I have been reading a lot of articles in the area of Distributed
Artificial Intelligence (DAI) and would appreciate getting in
touch with others who have similar interests to discuss articles and
toss around ideas.  Thanks.

Cindy Mason (clm@lll-crg)

------------------------------

Date: Fri, 1 Nov 85 10:01:23 cst
From: Alan Wexelblat <wex@mcc.ARPA>
Subject: Abduction


Will someone please explain to me what is meant by this word?
My dictionary gives two definition:  one has to do with kidnapping,
the other has to do with exercising certain thigh muscles.  I assume
that AI'ers have a third definition (!?).  Replies directly to me,
please.
--Alan Wexelblat
WEX@MCC.ARPA

------------------------------

Date: Fri 1 Nov 85 11:49:21-EST
From: John C. Akbari <AKBARI@CS.COLUMBIA.EDU>
Subject: User Modelling Panel

Does anyone have notes on the User Modelling panel held at IJCAI-85 in
August?

THanks in advance.

john akbari

akbari@columbia-20.arpa

------------------------------

Date: Fri, 1 Nov 85 18:11:58 pst
From: decvax!ittatc!dcdwest!sdcsvax!sdcrdcf!polyslo!cburdor
      @ucb-vax.berkeley.edu (Christopher Burdorf)
Subject: ATNS vs. ATTs

     I am currently working on a master's thesis in natural language
processing.  I am currently deciding whether to use ATNs or ATTs to do
the parsing. If anyone out there has any feelings one way or the other
as to which method is better, please let me know.

Chris burdorf
Cal poly slo.

------------------------------

Date: Mon,  4 Nov 85 09:58:29 GMT
From: gcj%qmc-ori.uucp@ucl-cs.arpa
Subject: Vision Systems and American Sign Language

One of goals of AI research is to  produce speech recognition systems.
Has there been a proposal to produce a vision system that can ``read''
ASL?

Gordon Joly
gcj%qmc-ori@ucl-cs.arpa

------------------------------

Date: 1 Nov 1985  01:35 CST (Fri)
From: Paul Fuqua <FUQUA@ti-csl60>
Subject: LISP Workstations


Some comments in response to:

    Date: Thursday, 24 October 1985  13:53-CDT
    From: Liz Allen <liz at tove.umd.edu>
    To:   AIList at MIT-MC
    Re:   LISP Workstations

           What I really needed was to see the files that were listed
    off the bottom of the screen...

    The other big problem I had was in using emacs -- I learned about
    apropos pretty quickly, but it was not a lot of help.  My favorite
    example is when I wanted to pick up some text without modifying
    the existing buffer.

On the Texas Instruments Explorer (the third of the MIT-derived lispms), we
have a system called Suggestions that occupies a small menu strip on your
window with a selection of, well, suggestions.  Some of the menu items are
commands, some switch to more detailed menus of classes of commands, some do
other things.

As a whole, the suggestions menus are supposed to track the state you're in
-- in Zmacs, there are Zmacs menus, with headings like cursor movement,
deleting and moving text, font commands, etc;  in Dired, there is a menu of
the Dired-specific Zmacs commands;  in the Lisp Listener, there are
input-editing menus, window-switching menus, and so on.  (Sorry about the
vagueness, but with two years of pre-TI lispm experience, I've never used
Suggestions myself;  I just gripe about the implementation.)
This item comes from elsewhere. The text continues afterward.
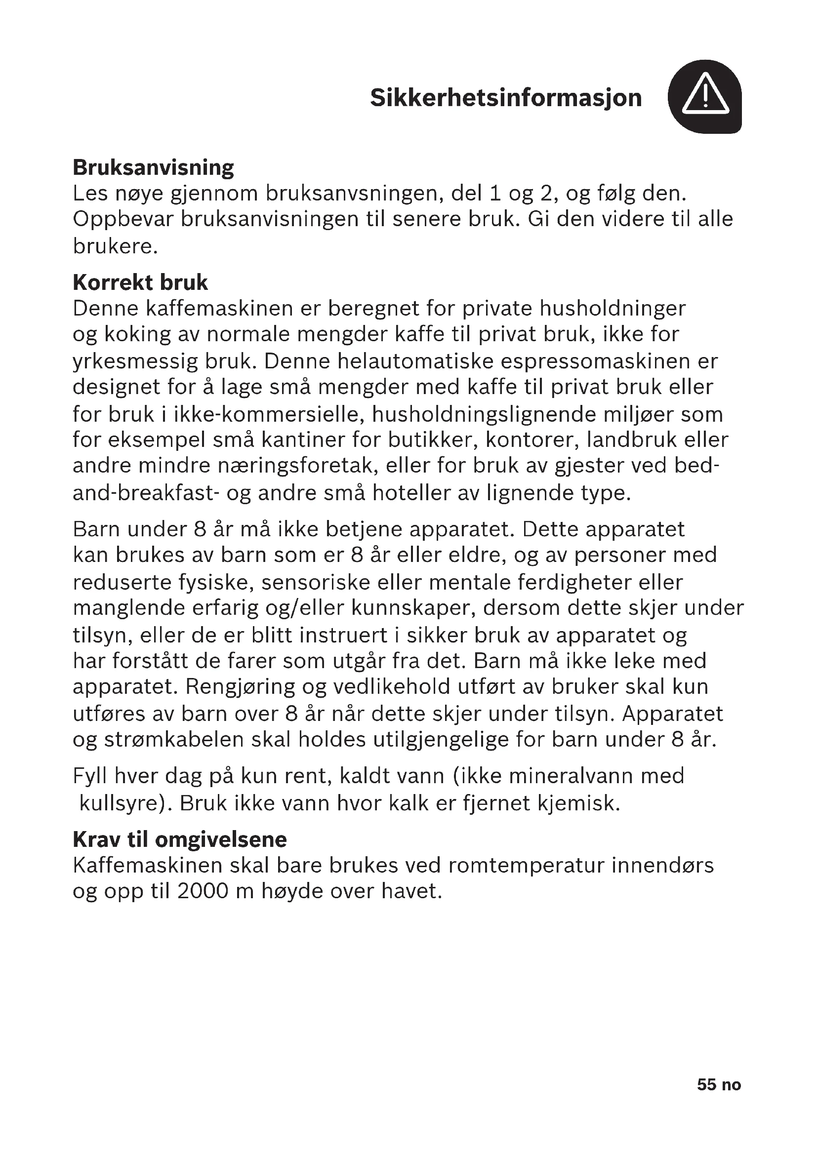 Bruksanvisning Les nøye gjennom bruksanvsningen, del1og 2, og følg den. Oppbevar bruksanvisningen til senere bruk. Gi den videre til alle brukere. Korrekt bruk Denne kaffemaskinen er beregnet for private husholdninger og koking av normale mengder kaffe til privat bruk, ikke for yrkesmessig bruk. Denne helautomatiske espressomaskinen er designet for å lage små mengder med kaffe til privat bruk eller for bruk i ikke-kommersielle, husholdningslignende miljøer som for eksempel små kantiner for butikker, kontorer, landbruk eller andre mindre næringsforetak, eller for bruk av gjester ved bed- and-breakfast- og andre små hoteller av lignende type. Barn under 8 år må ikke betjene apparatet. Dette apparatet kan brukes av barn som er 8 år eller eldre, og av personer med reduserte fysiske, sensoriske eller mentale ferdigheter eller manglende erfarig og/eller kunnskaper, dersom dette skjer under tilsyn, eller de er blitt instruert i sikker bruk av apparatet og har forstått de farer som utgår fra det. Barn må ikke leke med apparatet. Rengjøring og vedlikehold utført av bruker skal kun utføres av barn over 8 år når dette skjer under tilsyn. Apparatet og strømkabelen skal holdes utilgjengelige for barn under 8 år. Fyll hver dag på kun rent, kaldt vann (ikke mineralvann med kullsyre). Bruk ikke vann hvor kalk er fjernet kjemisk. Krav til omgivelsene Kaffemaskinen skal bare brukes ved romtemperatur innendørs og opp til 2000 m høyde over havet.56no Sikkerhetsinformasjon

The idea is to try to relate concepts that the user already has in mind to
commands or groups of commands.  The target person is someone who knows what
he wants to do, but not how to do it.  Suggestions is by no means perfect;
for one thing, it doesn't explain scroll bars.  However, it's a start.

    The documentation is good if you either already know the vocabulary
    or have someone who can tell you the right word for what you want.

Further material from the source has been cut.